Believe it or not, your customers really are buying your product. I know that isn’t what seminar speakers tell you, but it is true. No matter how much your client likes you, trusts you, or wants to do business with you, they will not buy nothing from you. (That is a gift or a donation, if you want to be accurate.) As a freelance writer, for example, no one is going to pay me $500 because I am a nice person who treats my customers well; they will pay me for something I write.

It is very important to understand what you are really selling and what your customers are really buying. Once you get out of that seminar or put down that book, believing that customers are buying you, are buying your talent, or are buying your time, is a one-way ticket to poor business decisions.

Freelance writers frequently argue over how much money freelance writers make. Actually, they argue about how much writers should be paid. Too often, this argument is clouded by thinking that the client is paying for the writer’s time or paying for the writer’s talent, or worst of all, paying for the writer. When thinking like that, it is all too easy to be offended by dollar amounts that seem to low. In other words, it is way too easy to consider certain writing pay rates to be offensive.

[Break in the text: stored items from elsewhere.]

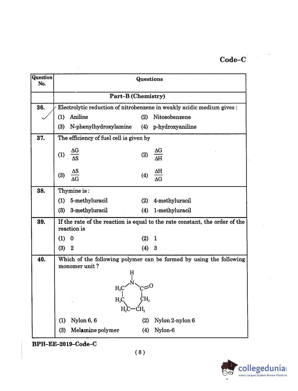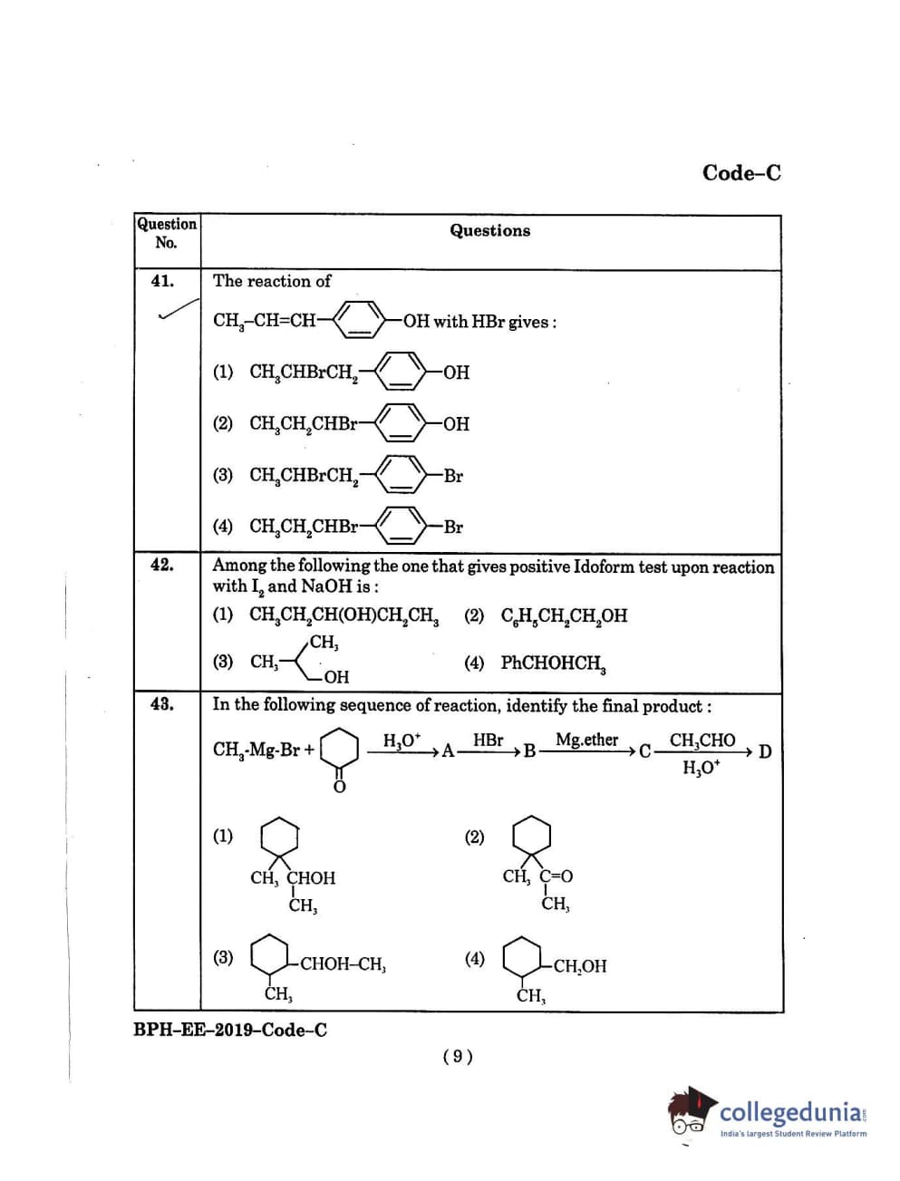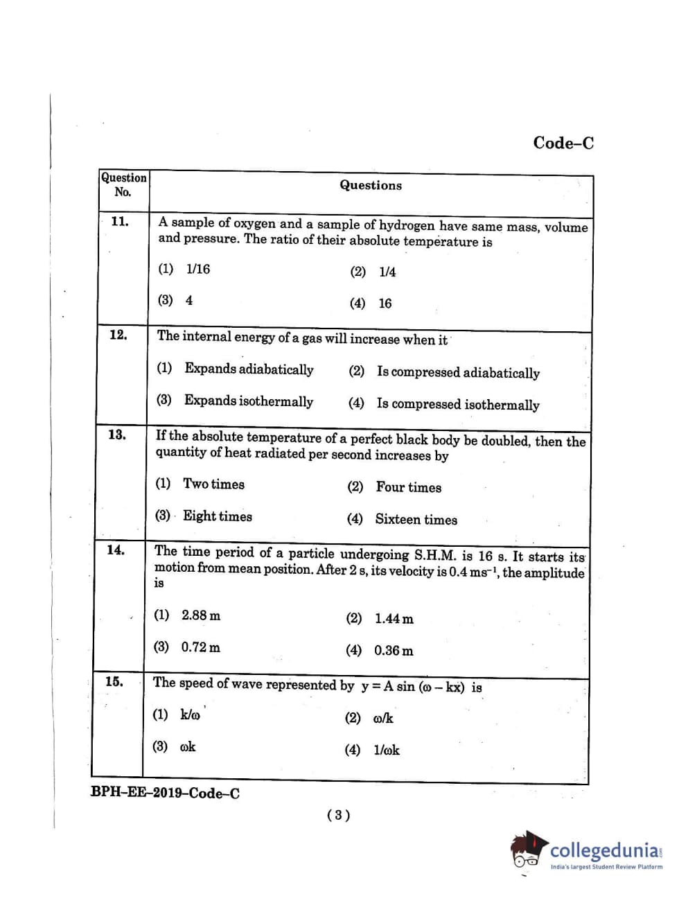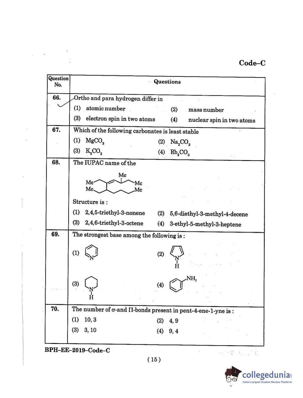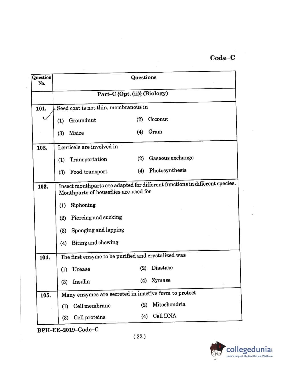 MDUCEE 2019 B.Pharma Set C Question Paper with Answer Key PDFs
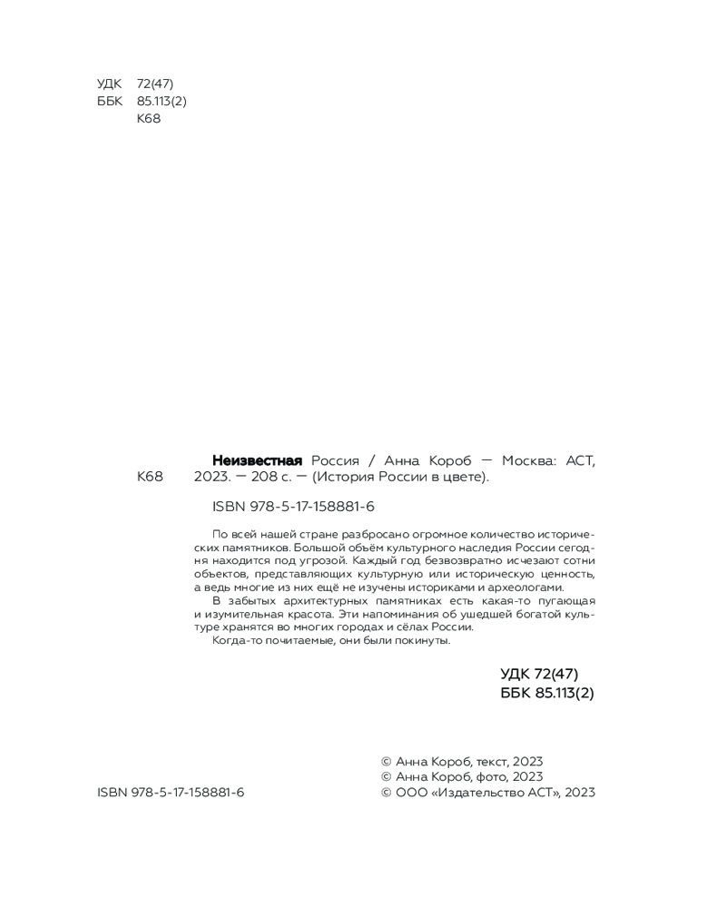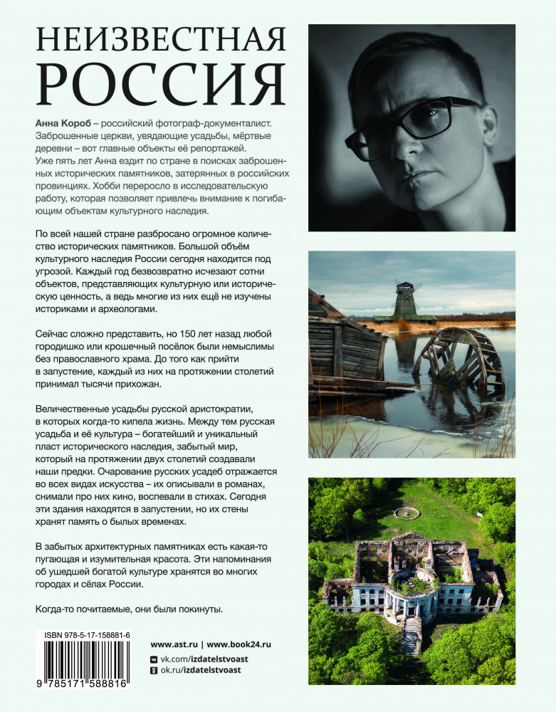 💳 Оплатить за товар можно при получении 🇰🇿 Есть бесплатная доставка по Казахстану от 1 дня 🎁 Копите бонусы с каждой покупки Серия: История России в цвете Анна Короб — российский фотограф-документалист. Заброшенные церкви, увядающие усадьбы, мёртвые деревни — вот главные объекты её репортажей. Уже пять лет Анна ездит по стране в поисках заброшенных исторических памятников, затерянных в российских провинциях. Хобби переросло в исследовательскую работу, которая позволяет привлечь внимание к погибающим объектам культурного наследия. |
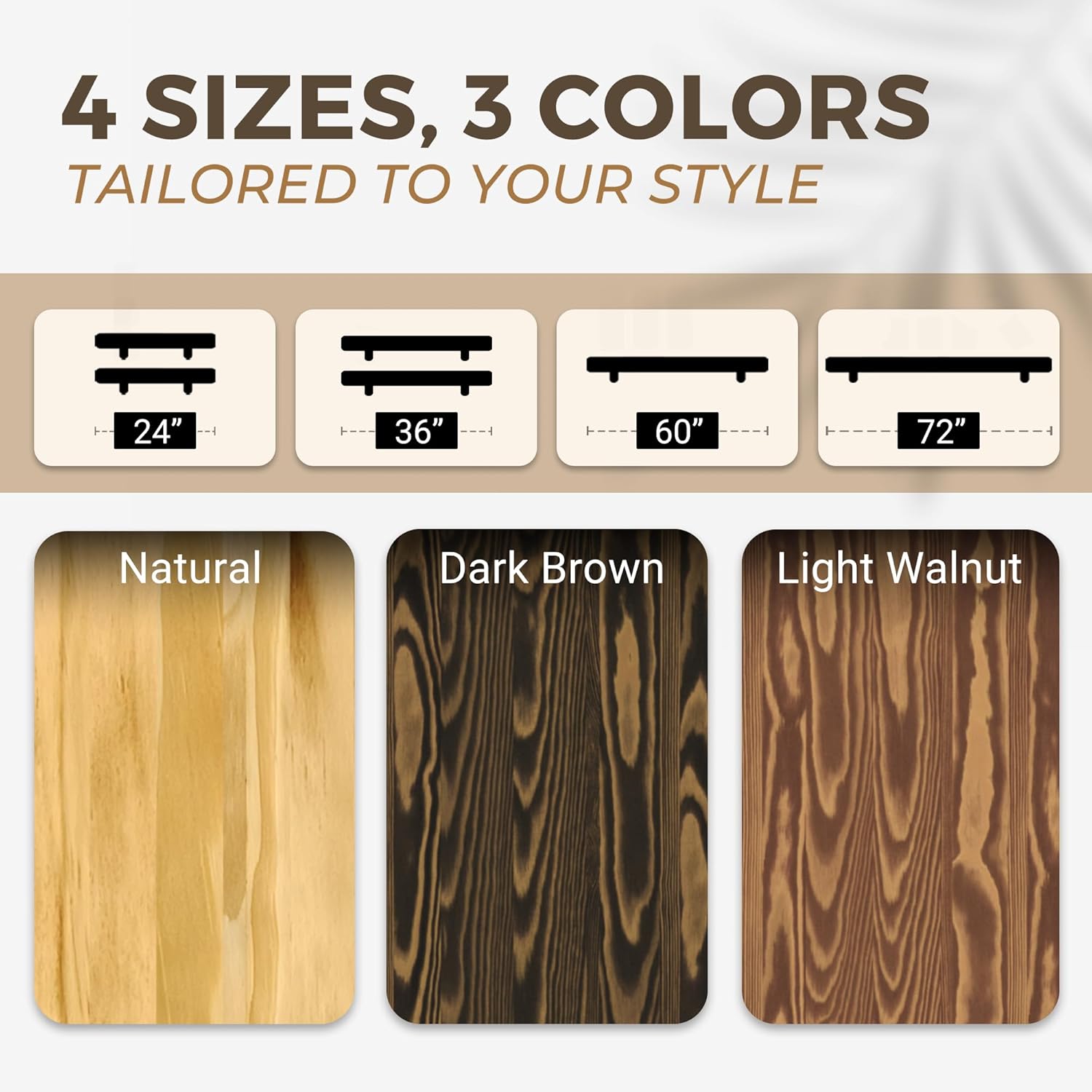 - ✅[𝐒𝐢𝐳𝐞𝐬 𝐭𝐨 𝐒𝐮𝐢𝐭 𝐘𝐨𝐮𝐫 𝐍𝐞𝐞𝐝𝐬]: Choose from 24", 36", 60", or 72" lengths and available in three finishes—Natural, Dark Brown, and Light Walnut, these shelves adapt perfectly to your storage and decor goals.
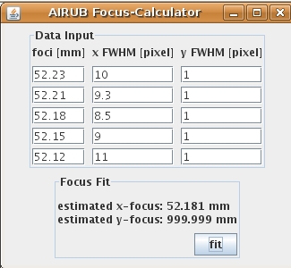 Wie im folgenden Beispiel zu sehen, trägt man jeweils die Foki mit den entsprechenden FWHMs (hier in x-Richtung) ein, und das Programm berechnet den optimalen Fokus durch einen parabolischen Fit:
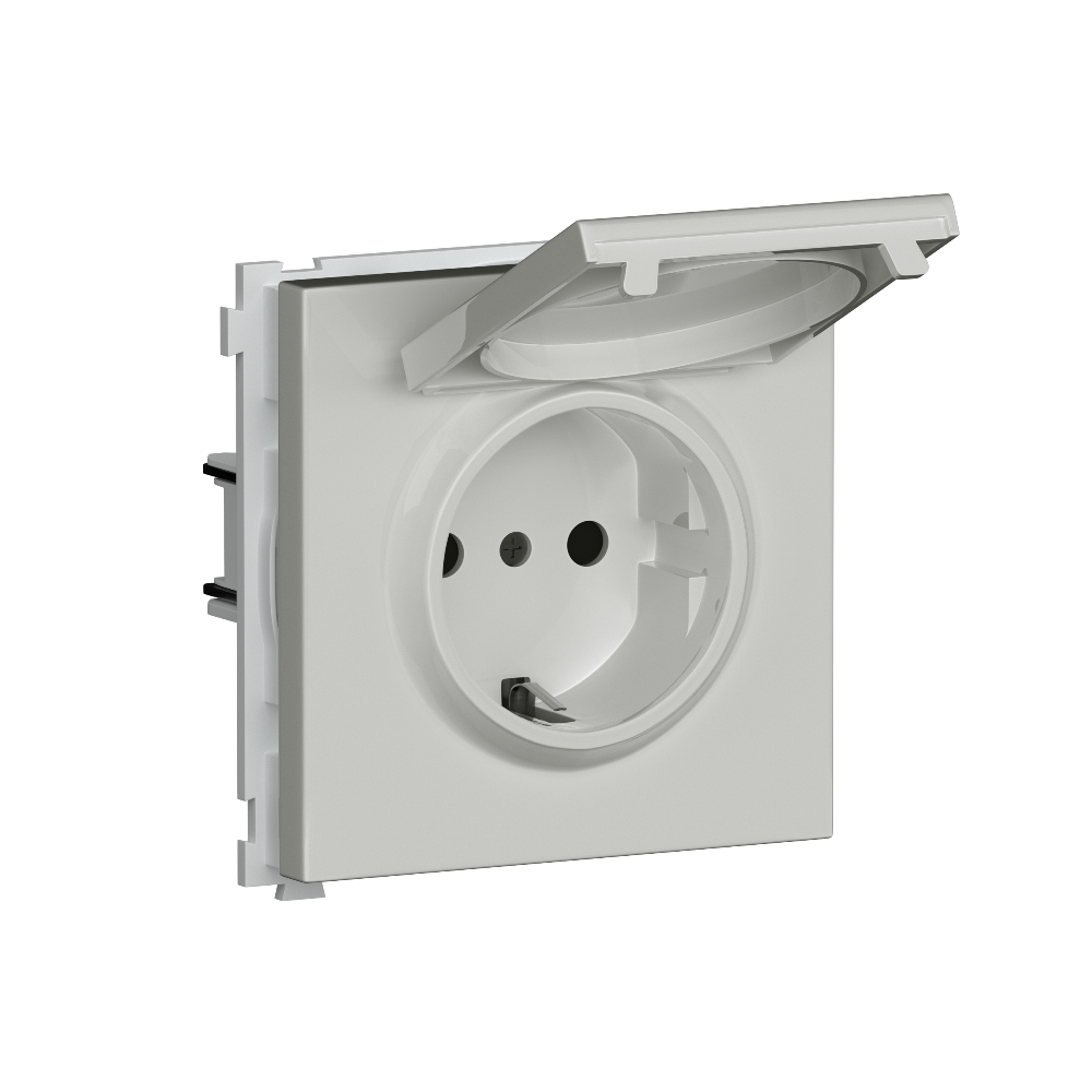 Розетка встраиваемая Donel R98 Schuko с крышкой и заземлением на клеммах Белый глянцевый DA17700-DA45403
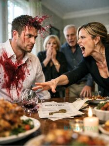 At dinner, my sister dumped wine on me and screamed, “You have until sunrise to get out of my house.” That was how she chose to do it. Not quietly. Not privately. Not with even the smallest attempt at dignity. She waited until everyone was seated, until the food was passed around, until the room was full of clinking silverware and forced laughter and the thick, familiar smell of roasted turkey. Thanksgiving dinner, the one day a year we were all expected to pretend we were a functional family, became the stage she’d clearly been rehearsing on in her head for weeks.
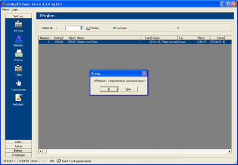 Iedere selectie in het verkoopscherm kan opgeslagen worden als offerte en kan vervolgens afgedrukt worden. Deze functie kan gebruikt worden om een echte offerte te maken maar ook of een selectie voor later gebruik op te slaan. Bijvoorbeeld om een samengesteld produkt te maken zoals een computer.
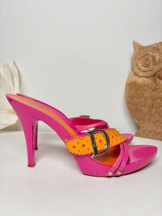 W Shoe Size 10 Christian Dior Orange, Pink Platform Resin Barbie Heels
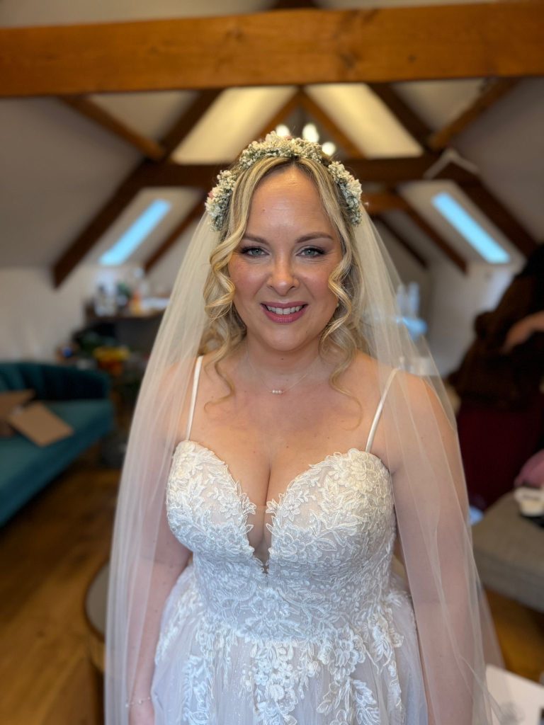 Kate, a First Class BA Honours makeup artistry degree graduate, prides herself on maintaining a high quality of work beyond her studies. As a skilled bridal hairstylist and makeup artist, Kate’s ethos is to enhance a person’s natural beauty through hair and makeup, fostering genuine confidence on their wedding day.
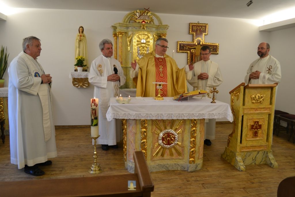 Sledila je sv. maša, ki jo je vodil škof dr. Peter Štumpf ob somaševanju zbranih duhovnikov. V pridigi nas je g. škof spodbudil, da v svojem delovanju, v odnosih do ljudi, s katerimi se srečujemo, odsevamo Njega, ki ga oznanjamo. Med sv. daritvijo je bil p. Ernest na razpolago za podeljevanje zakramenta sprave.
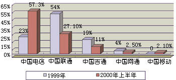通過引入IP電話業(yè)務(wù),我國電信市場已經(jīng)形成了以中國電信、中國聯(lián)通、中國移動、中國吉通和中國網(wǎng)通等五大電信運營公司為主體的新格局。他們各自的業(yè)務(wù)范圍不盡相同,但IP電話是他們相同的業(yè)務(wù)之一,所以這一市場相互之間的競爭較為激烈。圖1和圖2分別表示這五大運營商在2000年上半年IP電話的話務(wù)量和收入。從圖中可以看出,他們在我國IP電話市場上所占據(jù)的地位和角色。
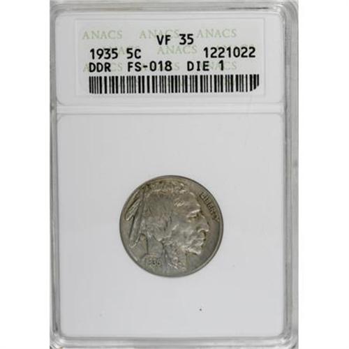<B>1935 5C Doubled Die Reverse VF35 ANACS.</B></I> Die 1, FS-018. NGC Census: (0/0). PCGS Population (4/36). (#93974)<BR><BR><B>Coin Engraver:</B> James E. Fraser<BR><BR><b>Shipping:</b> Coins & Currency (<a target="_blank" href="http://www.heritageauctions.com/common/shipping.php">view shipping information</a>)
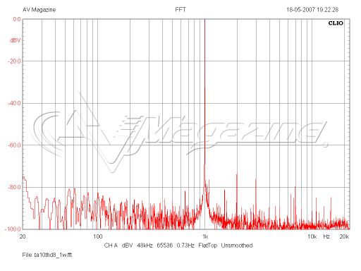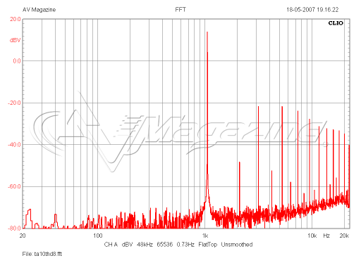 I picchi posizionati a 3.000 Hz e 5.000 Hz rappresentano rispettivamente le distorsioni di terza e quinta armonica che devono essere molto contenute poiché sono molto poco gradite al nostro orecchio. Ebbene, la seconda e la terza armonica sono bassissime, ridotte ad una frazione di un millesimo del segnale di ingresso, con il rumore di fondo ancora più contenuto.

I have written before about writing for Demand Studios. Before she sold the website, the owner of Freelance Writing Gigs took a lot of heat for agreeing to partner with Demand Studios because they, "did not pay writers enough." Many writers called their pay rates offensive, and still others equated the amount DS pays with modern slavery. Both of these concepts stem from believing that the writers were being paid for something other than the product they truly sell. Indeed, if you look at it from the wrong perspective, it is very easy to get offended.

Consider that while Demand Studios offers numerous "assignments" the most common are those that pay $15 per article. On the surface, this indeed seems too low. It is far below what I would sell my talent for, that is for sure.

The catch is that DS is not buying my talent. They are buying a four or five paragraph article about a specific topic. Generally, the paragraphs should be between 50 and 75 words. The writing need not be particularly inspiring (like high-end copywriting), nor need it be anything other than grammatically correct. If you are to believe what many of the critics of Demand Studios say, it doesn’t even have to be all that factually accurate.

How much would you pay for an article like that?

Flip the question around to the way that is important to the professional writer and you get how much would you charge for an article like that?

Low-Paying Writing Gigs

Many writers complain that they cannot find enough work. I often suggest that they find some high volume, high flexibility writing gigs to fill in the gaps. Most writers nod and say that they would if they could. When I suggest some examples, they become offended. One even said to me (and prompted this post) that they didn’t become a professional writer in order to "give away their talent."

Wow. I sure hope not.

I’m not saying I would want to write under those conditions all of the time, but it is hard to be insulted when you consider what the company is actually buying. They are not buying a professional writer. They are not buying a professional writer’s time. They are not buying a professional writer’s talent. They are buying a short, easy to write, article that meets a minimum standard that most pro writers can meet without anything more than a minimum effort.

I always say that one of the things that distinguishes a professional writer from other writers is that the professional can write about anything for anyone. The audience here has a short attention span and is undemanding. I can write for that audience just as I can write for one full of experts who demand detailed accuracy. It’s just that one of them I can do while eating a sandwich, and the other takes focus and effort.

As a professional writer, I am not insulted by either project. Keep who you are and what you do separate from what you sell, and you won’t be either.